Another Reading of the Historical Record on Civil Rights

I wrote a blog post a week ago positing that civil rights era protests may not have been as effective as I'd previously thought. My basic claim was that confrontation seemed to kick up a storm, and it might have been possible to kick up less of a storm. I still think it probably would not have been possible, but the strength of my confidence was weakened.


There's an alternative reading, or at least an additional issue, that might be at play in the history of the civil rights movement: that the civil rights movement made serious strategic miscalculations in the specific changes it pushed for and accepted.

The story of racial justice since the civil rights movement is chronicled in a number of places, my favorite of which is Ta-Nehisi Coates' The Case for Reparations. Basically, while legally ordained segregation ended, a number of systems popped up that sustained nearly the same degree of racial segregation in the most intimate and important places: mass incarceration, residential segregation, and school-based segregation. All exist without explicit reference to race. The criminal justice system seeks to put people behind bars, and at every step of the way racial bias creeps in without notice. People choose where to live and send their children to school: white people prefer to live with white people, but nobody is explicitly banned. (In some cases, to be clear, things get more aggressive and explicit, but this is the general pattern.)

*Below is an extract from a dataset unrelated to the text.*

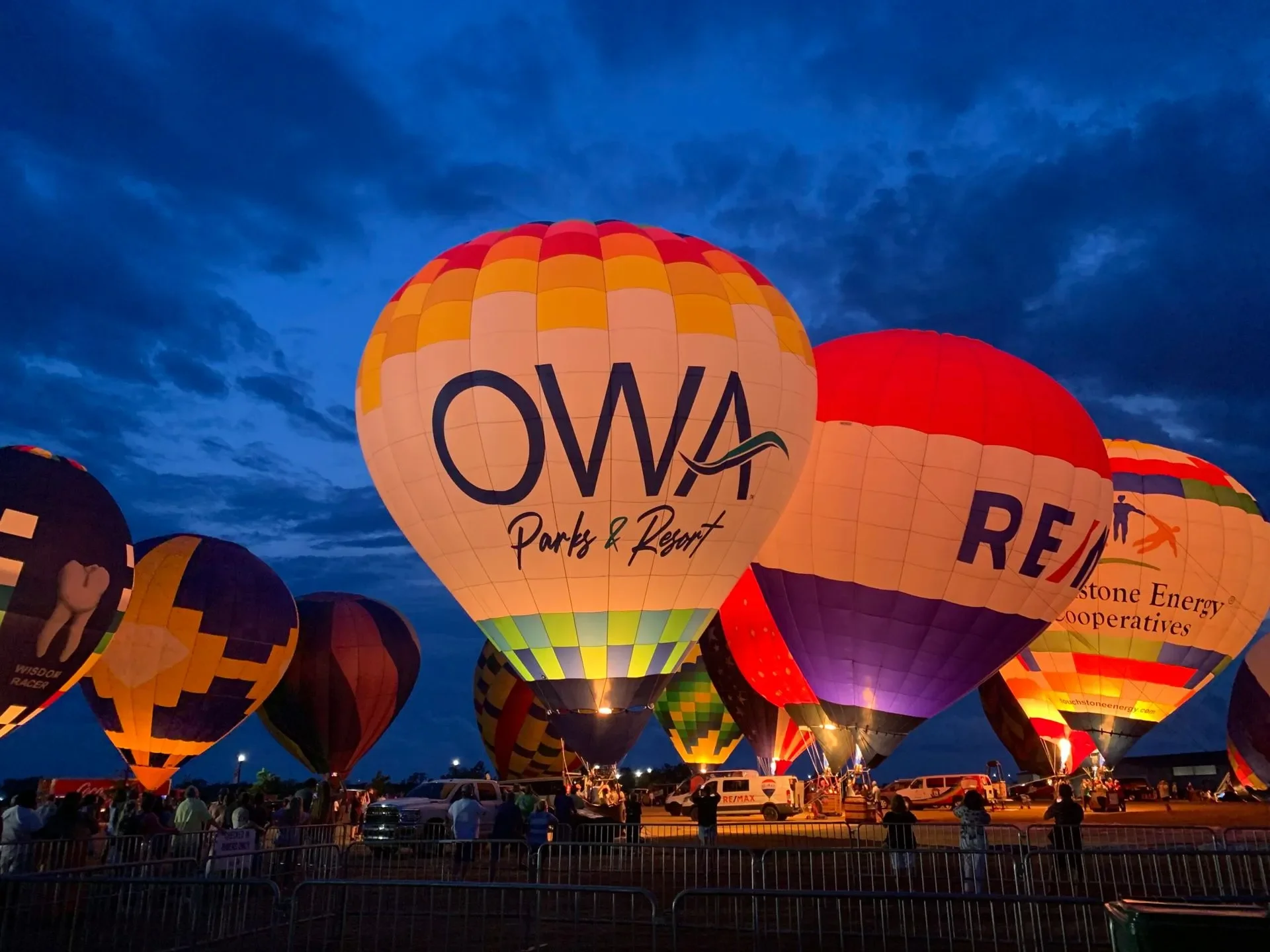 The festival includes balloon glows, tethered rides, food vendors, and live entertainment.

According to Pillar of Fire, at a number of points in the civil rights struggle, civil rights leaders considered and decided against a more aggressive push to integrate housing and schooling, particularly in Northern cities. Leaders likely saw this decision as a decision to work on those issues later. Had leaders anticipated the backlash that would result from the movement's confrontation, though, they might have decided otherwise: they might have seen that the opposition would take advantage of whatever issues were not addressed and made greater minimum demands in legislation.

It's impossible to know what exactly is the right course of action in a social movement, and difficult even to guess. The moral may be simply that when fighting for social changes, the specifics of the changes you ask for and accept are critical. Every stone left unturned can cost you for a very, very long time.